Les dispositions précédentes ne portent pas atteinte au droit que possèdent les États de mettre en vigueur les lois qu’ils jugent nécessaires pour réglementer l’usage des biens conformément à l’intérêt général ou pour assurer le paiement des impôts ou d’autres contributions ou des amendes. »
A. Sur la recevabilité
1. Arguments des parties
a) Le Gouvernement
19. Le Gouvernement plaide, tout d’abord, l’irrecevabilité de la requête pour non-épuisement des voies de recours internes. Il affirme qu’après la saisine du Conseil d’État, le requérant a soumis auprès de l’administration une nouvelle demande de calcul du montant dû afin de se voir restituer le terrain litigieux.
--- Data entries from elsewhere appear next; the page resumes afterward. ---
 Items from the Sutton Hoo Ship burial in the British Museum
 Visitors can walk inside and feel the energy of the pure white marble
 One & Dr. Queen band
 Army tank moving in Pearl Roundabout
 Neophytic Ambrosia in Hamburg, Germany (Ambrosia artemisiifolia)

Bien que l’administration ne se trouvât pas dans l’obligation de recalculer le montant dû, elle a fait droit à cette demande du requérant et a réajusté le montant dû.
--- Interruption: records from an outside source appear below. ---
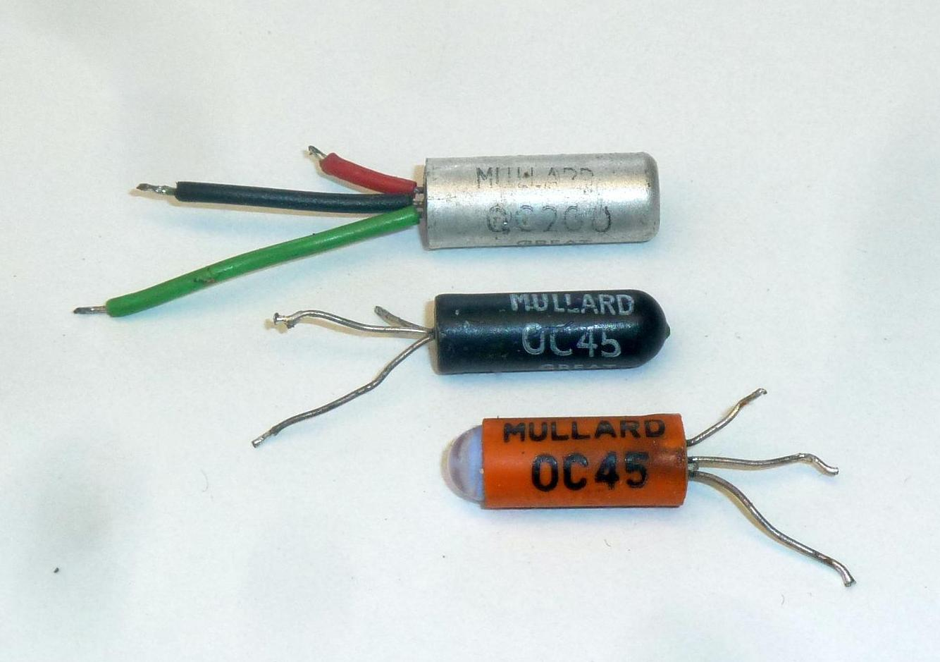 A Mullard OC200 and two OC45 transistors from the early 1960s. They show some of the variety of SO-2 packages used at this time. From the top, the OC200 is an early silicon PNP transistor in an aluminium can. Central is a black OC45 germanium transistor in a black-painted glass package. Bottom is an OC45 in a clear glass and blue putty package, with rubber sleeve.
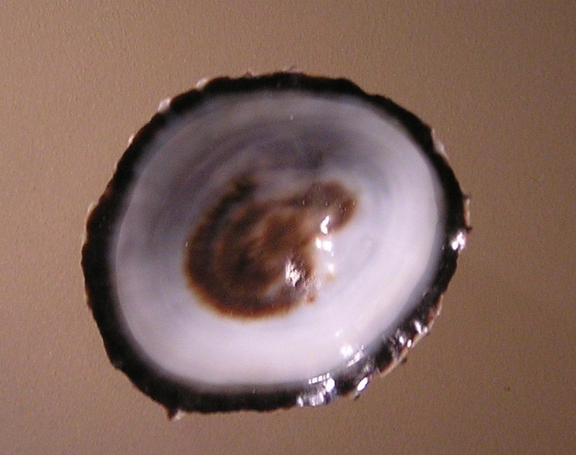 Lottia limatula (Carpenter, 1864); a true limpet from the family Lottiidae; California
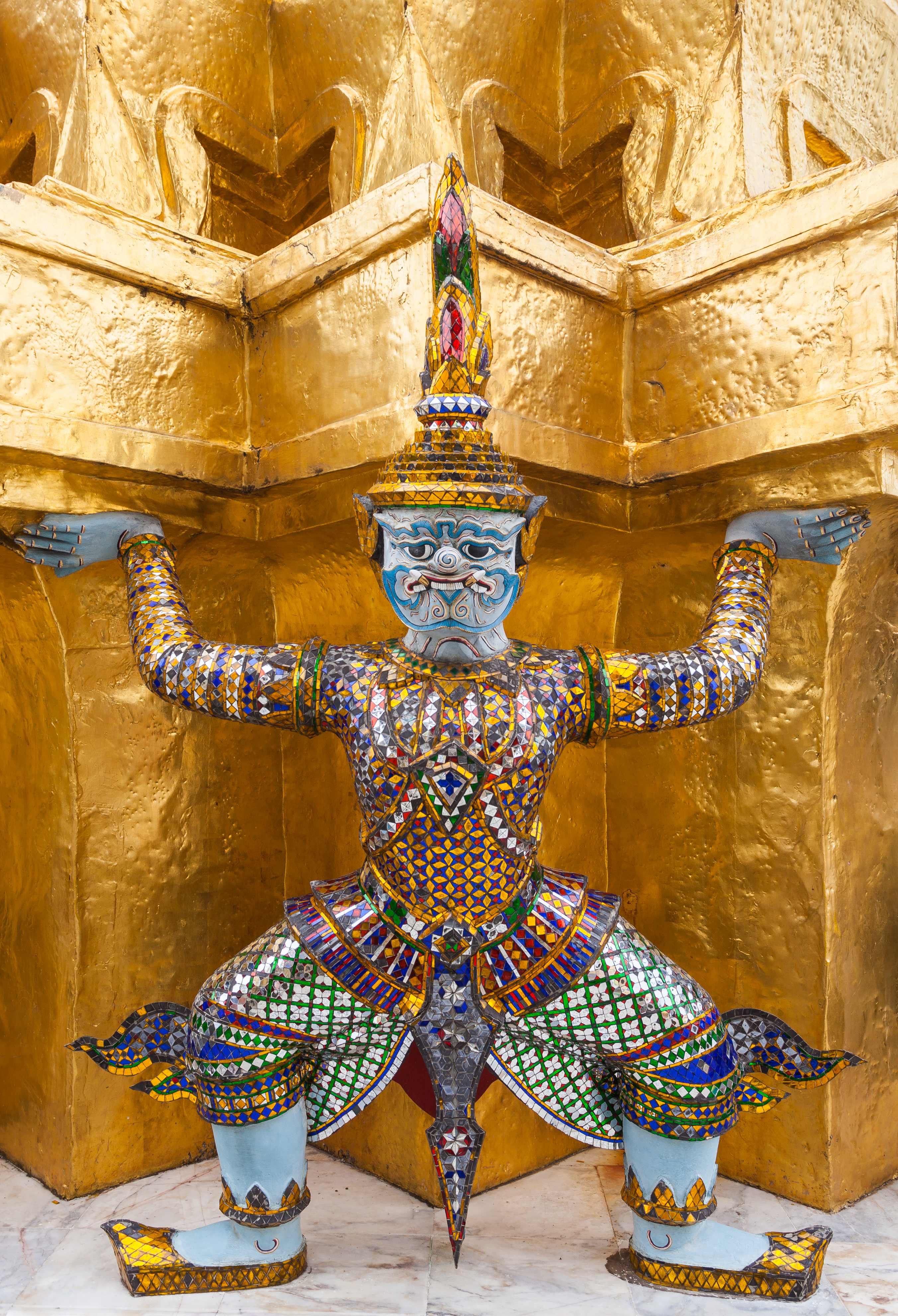 Yaksha (mysthical demon) "lifting" the southern of the Two Golden Phra Chedis (or pagodas) located on the Phaithee terrace in the Wat Phra Kaew (or Temple of the Emerald Buddha) in Bangkok, Thailand. The chedis were constructed by order of King Rama I in honor of his father (southern pagoda) and mother (northern pagoda) at the end of the 18th century. The structures are entirely covered with copper sheets, painted with lacquer and covered with gold leaf. The 20 demons and monkeys around the base were added later, at the end of the 19th century, by order of King Rama V.
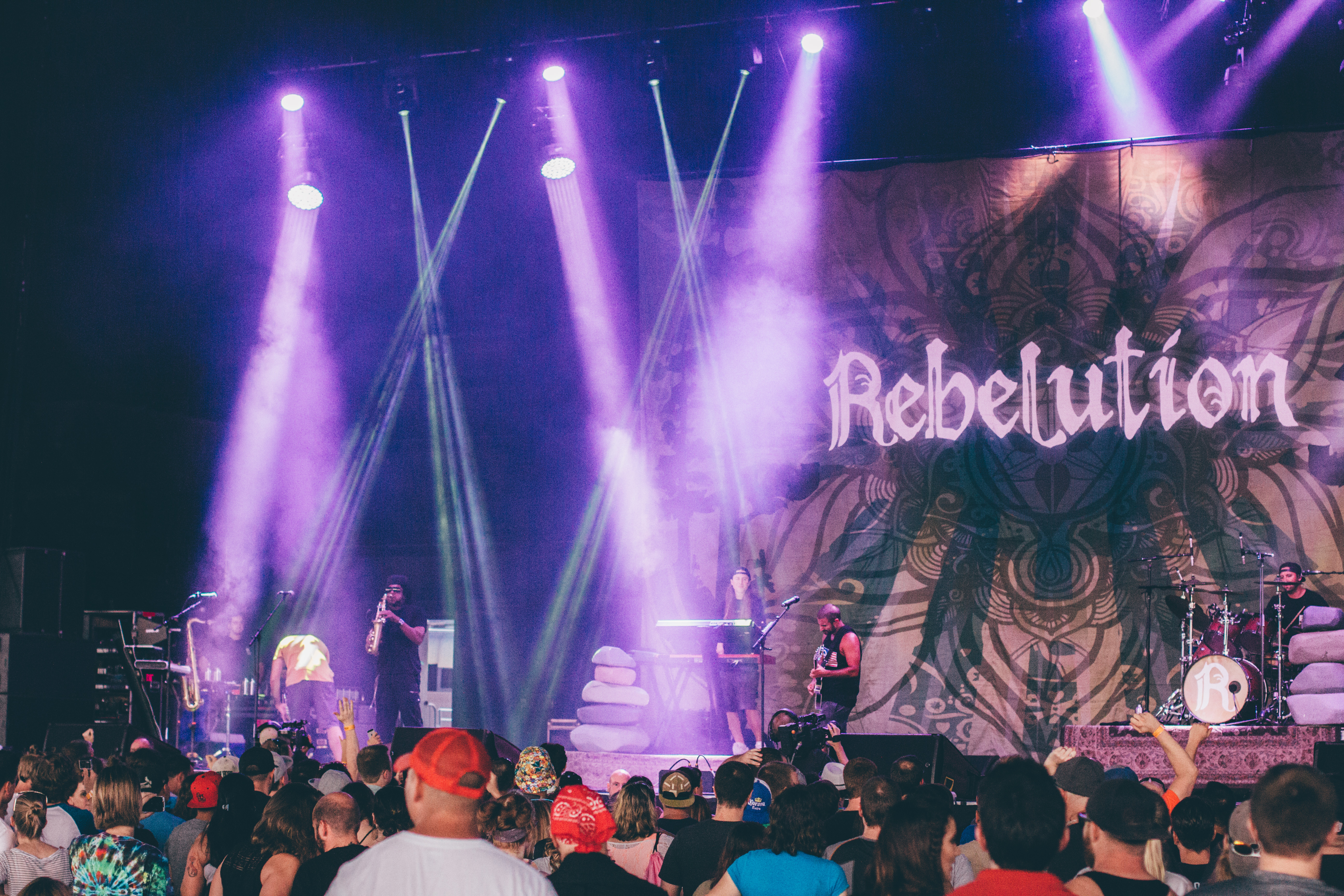 Rebelution reggae band performing live at music festival

20. De l’avis du Gouvernement, par cette action le requérant a tacitement accepté le calcul de l’indemnité due selon la décision no 1087631/6632/Δ0010 du 17 octobre 2005. Tout en estimant que ce comportement est abusif de la part du requérant et qu’il a ainsi perdu la qualité de victime, le Gouvernement relève qu’il a omis de contester la décision no 1064217/4182/Δ0010 devant le Conseil d’État. Il n’a pas ainsi épuisé les voies de recours internes à l’égard du grief tiré de l’article 1 du Protocole no 1.
b) Le requérant
21. Le requérant rétorque que l’allégation du Gouvernement selon laquelle sa nouvelle demande de fixation de l’indemnité due pour le rachat du terrain exproprié équivalait à une acceptation du montant déjà calculé en vertu de la décision no 1087631/6632/Δ0010 est infondée et pourrait induire la Cour en erreur. En effet, il relève que sa nouvelle demande auprès de l’administration avait été faite sous réserve explicite de ses droits selon le droit national, du fait qu’une procédure était pendante devant la haute juridiction administrative sur la constitutionnalité de l’article 12 de la loi no 2882/2001 et de la possibilité de saisir les instances internationales compétentes à cet égard.
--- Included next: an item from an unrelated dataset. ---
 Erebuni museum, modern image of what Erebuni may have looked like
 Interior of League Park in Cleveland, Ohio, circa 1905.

22. Le requérant affirme que sa nouvelle demande déposée en 2008 n’avait pour objectif que de « geler » le montant nécessaire pour la récupération de son bien ; la première estimation des services compétents datait déjà de 2005 et le requérant savait que, selon la méthode de calcul prévue par l’article 12 de la loi no 2882/2001, ladite somme ne cessait d’augmenter. En tout état de cause, il affirme que par son recours en annulation devant le Conseil d’État, il avait mis en cause la constitutionnalité de la disposition litigieuse et sa compatibilité avec l’article 1 du Protocole no 1. Partant, du moment que son recours avait été rejeté par la haute juridiction administrative, un nouveau recours sur les mêmes questions qui font aussi l’objet de l’affaire devant la Cour, serait dépourvu d’objet et d’intérêt.
2. Appréciation de la Cour
23. La Cour rappelle qu’en vertu de l’article 35 § 3 a) une requête peut être déclarée abusive notamment si elle se fonde délibérément sur des faits controuvés. Une information incomplète et donc trompeuse peut également s’analyser en un abus du droit de recours individuel, particulièrement lorsqu’elle concerne le cœur de l’affaire et que le requérant n’explique pas de façon suffisante pourquoi il n’a pas divulgué les informations pertinentes (Gross c. Suisse [GC], no 67810/10, § 28, 30 septembre 2014).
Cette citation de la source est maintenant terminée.